Since Olmert’s speech, the JCPA held an initial discussion in a process intended to shape its position on nuclear energy.
Meanwhile, in what is believed to be a first for a nonprofit organization, the AJCommittee is offering bonuses to any of its 200-plus full-time employees who purchase hybrid and other fuel-efficient cars. Depending on the vehicle model, the bonus would be $1,500 or $2,500.

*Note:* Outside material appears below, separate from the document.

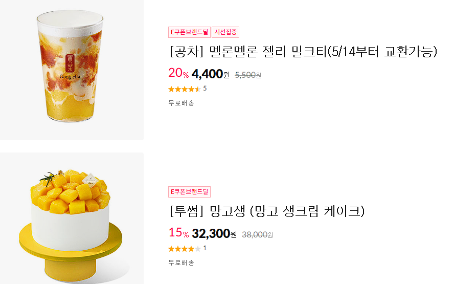 할인 브랜드 : 공차, 투썸, 피자헛 등

When Olmert spoke to Congress about the joint energy project, the prime minister was cheered. Lobbyists for Jewish groups rushed to make the most of the momentum. Last week, according to Jewish activists, Senate Majority Leader Bill Frist, a Tennessee Republican, promised to sponsor the bill and shepherd it through the Senate once the Senate Foreign Relations Committee has marked it up. Interest in the bill also has increased in the House of Representatives, congressional sources said, where more than a dozen members joined as co-sponsors of the bill in the past three weeks.
In all, the bill now has 82 co-sponsors in the House and 12 in the Senate. Jewish activists expect it to pass both houses before the end of this year.
Although Jewish groups have been deeply involved in attempts to shape America’s energy policy, they have not aggressively mobilized to support or oppose specific energy legislation in recent years. This bill, Jewish activists said, could provide a focus and a cause for the Jewish community on the issue.
“This bill is a small part of a larger effort to get more involved in energy policy,” said Neil Goldstein, executive director of the American Jewish Congress. The organization helped initiate and draft the bill, and now it is taking the lead in pushing for it.
“We believe that what is needed is a project on the scale of a Manhattan Project or an Apollo Project,” Goldstein said. “We believe that this is of such grave consequence for the U.S. and the Western world that it really deserves that kind of attention. Our bill is a very small piece of that.”
Jewish advocacy groups are calling on their members to urge their congressional representatives to support the law. They are also contacting pro-Israel Christian organizations and environmental groups to help them push the legislation.